12-16 TABLE of CONTENTS:
Women Who Win
DATES, ANNIVERSARIES, and
EVENTS
QUOTES by
Kathe Kollwitz and Charlotte Perkins Gilman.
Cheryl Toussaint
Born
Dec. 16, 1952, Cheryl Toussaint, one of our greatest track runners showed
what she was made of early in her career. "Cheryl
had been training with us for only about two weeks," her
early coach Fred Thompson recalled, "but
I decided to enter her in a one-mile run, just to give her some competitive
experience. I said to her before the race, don't go out too fast, stay
with the pack, and just try to finish.
"Well,
the gun went off, and Cheryl was a hundred yards in front of the whole
field and running like a madwoman... Then, with about a hundred yards to
go, the oxygen debt really hit her, and she just about collapsed. She fell
down, then got up and started crawling on her hands and knees. It was unbelievable!

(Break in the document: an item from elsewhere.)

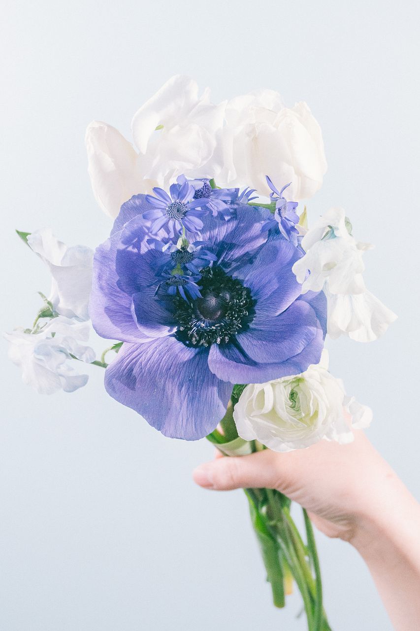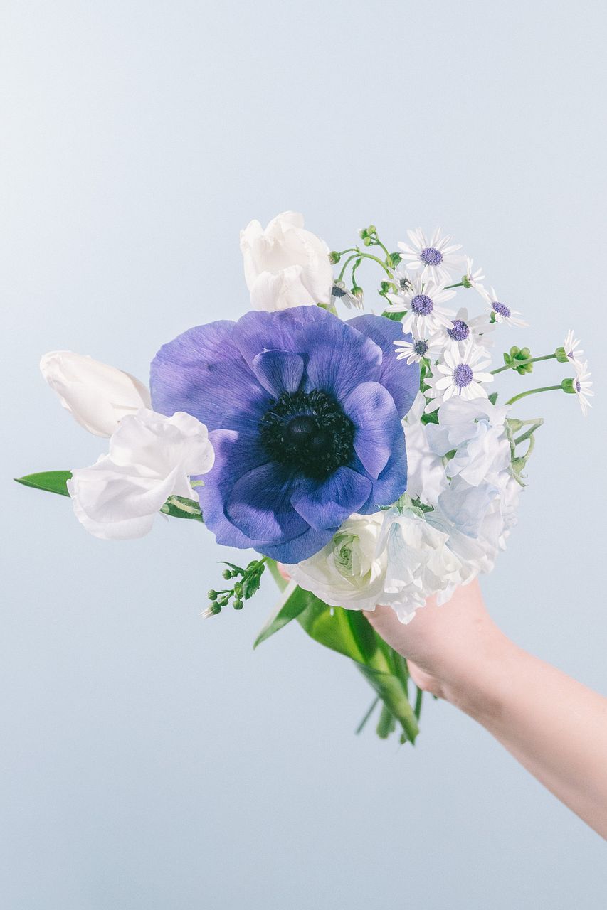 澄んだブルーのアネモネを主役に、やわらかな白い花々をふんわりと束ねました。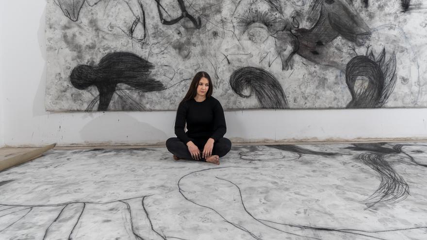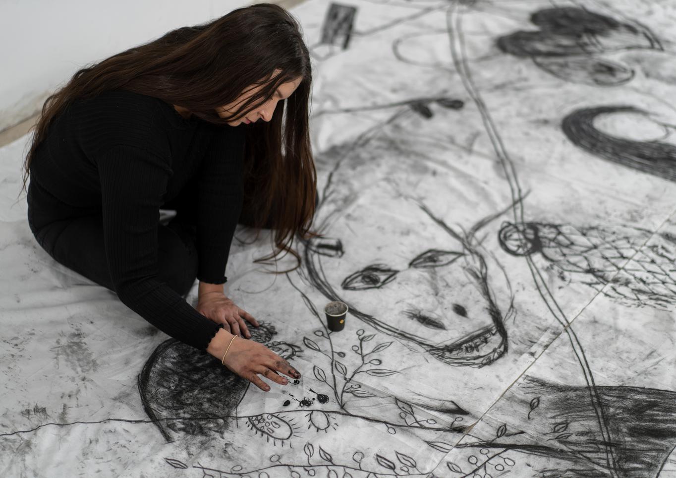 Maria Saleh Mahameed (b. 1990, Umm el Fahem; lives and works in Ein Mahel) presents a body of work created during the months of war. The daughter of a Ukrainian mother and an Arab father from Umm el Fahem, Saleh Mahameed often explores her complex identity, reflecting a charged, tangled political and social reality. Her monumentalcharcoal-on-canvas painting installations are rich in drama and veiled in mystery. They are underpinned by an intuitive, physical approach, incorporating movement, kneeling, and wallowing in the painterly surface.

She stood up, staggered some more, got about twenty yards from the finish
line and fell again. She kept on going, crawling, still with nobody near
her, and then right at the wire another girl caught up and won.
"Cheryl
cried like a baby... I knew, at that moment, that this girl was going to
be something special. I had never seen anything like that before in my
whole life."
-- Excerpted from Women Who Win by Francene Sabin, Dell Publishing,
1977.
Many years later the world
through TV witnessed another woman, a marathon runner make that same oxygen
deprived, staggering, unbelievable fight to reach an Olympic finish line.
The dignity that everyone gave her, respecting her pure flame of purpose
as she stumbled blindly toward the goal she had spent her life trying to
reach... her coaches walked beside the track calling out encouragement
as she stumbled along. One touch by them, one wrong step would have disqualified
her...
The hushed Olympic stadium knew they were witnessing
something special in the superhuman spirit - yet at home we were forced
to listen to U.S. men announcers regaling her coaches for not stopping
her, implying that "she" shouldn't be allowed to decide her own
destiny. How little those who never reach for the stars know.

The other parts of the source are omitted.